**Record extracts**
----

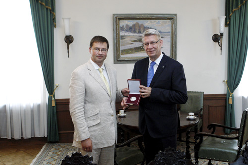 Vakar, 6.jūlijā, Valdis Zatlers pēdējo reizi kā Latvijas Republikas Valsts prezidents tikās ar Ministru prezidentu Valdi Dombrovski. Tikšanās laikā Valdis Zatlers Ministru prezidentam pasniedza Valsts prezidenta medaļu (attēlā) un pēc tikšanās preses konferencē atbildēja uz masu mediju pārstāvju jautājumiem (skat. 42.lpp.). Valda Zatlera prezidentūras termiņš beidzas šodien, 7.jūlijā, bet rīt, 8.jūlijā, pēc Valsts prezidenta svinīgā solījuma došanas pie sava amata pienākumu pildīšanas stāsies jaunais, astotais, Latvijas Republikas Valsts prezidents Andris Bērziņš Foto: VPK
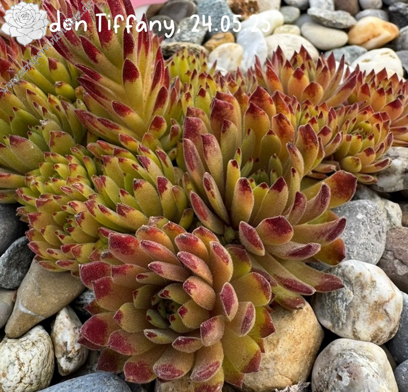 'Golden Tiffany' ist eine plüschige Sorte, wie die Mutter. Im Frühjahr sind die Rosetten hellgrün bis gelblich, die Blattspitzen tragen kleine rote Punkte. Im Mai haben sie die schönste Färbung, die Blätter werden goldgelb. Die Blattspitzen sind dunkelrot und das obere Drittel der Blätter ist rot gesprenkelt. Die Rosetten werden in der Sommerhitze immer heller, fast gelb und im Herbst vergrünen sie. Sie ist nicht so wüchsig wie ihre Geschwistersämlinge und ist auch etwas kleiner, insgesamt zarter. Aber trotz allem hat sie die Hitze gut überstanden.
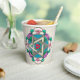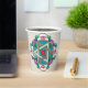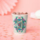 The delightful new design on this Shabbos Paper Cup is from an original digital painting by Leslie Sigal Javorek. The focal point is an Art Nouveau-ish mandala w/ a heart inside a Star of David surrounded by highly stylised flowers. Subtle use of shading gives the illusion of a deep, hand-thrown pottery bowl but Surprise!
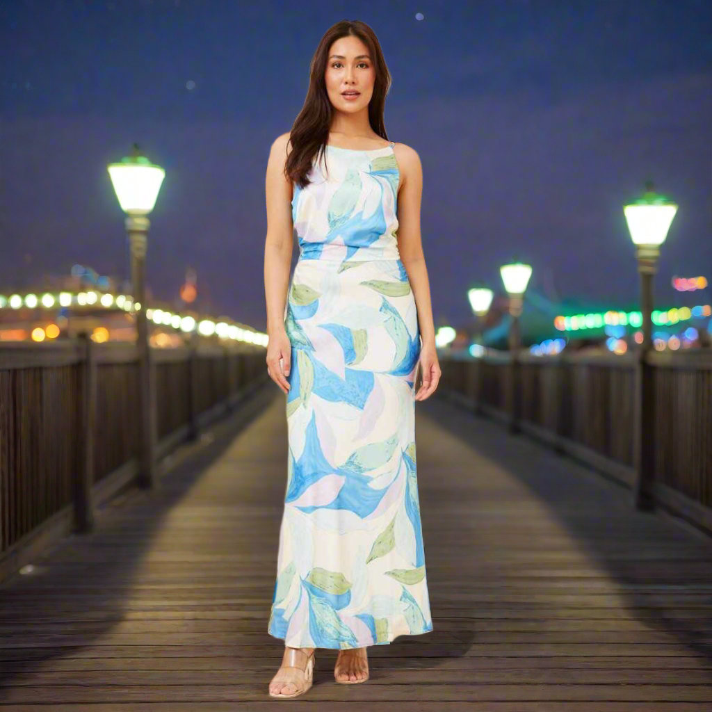 This blue satin printed sleeveless maxi dress offers a graceful silhouette with its flowing fabric and elegant design. Perfect for warm days or special occasions, it combines comfort with style, allowing you to move freely while looking effortlessly chic. The vibrant print adds a touch of personality, making it a versatile addition to your wardrobe.
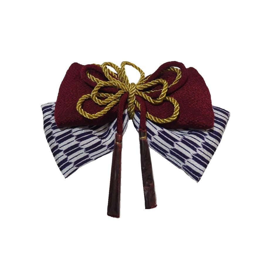 リボン髪飾り「(上)紫色の地に金の飾り紐(下)紫色の地に梅の柄」

----

**What needs to be done**
The output must start at the line holding "This blue satin", end at the last line of the listing above, and show each line exactly; please omit all pictures.

**Response to this task**
 This blue satin printed sleeveless maxi dress offers a graceful silhouette with its flowing fabric and elegant design. Perfect for warm days or special occasions, it combines comfort with style, allowing you to move freely while looking effortlessly chic. The vibrant print adds a touch of personality, making it a versatile addition to your wardrobe.
 リボン髪飾り「(上)紫色の地に金の飾り紐(下)紫色の地に梅の柄」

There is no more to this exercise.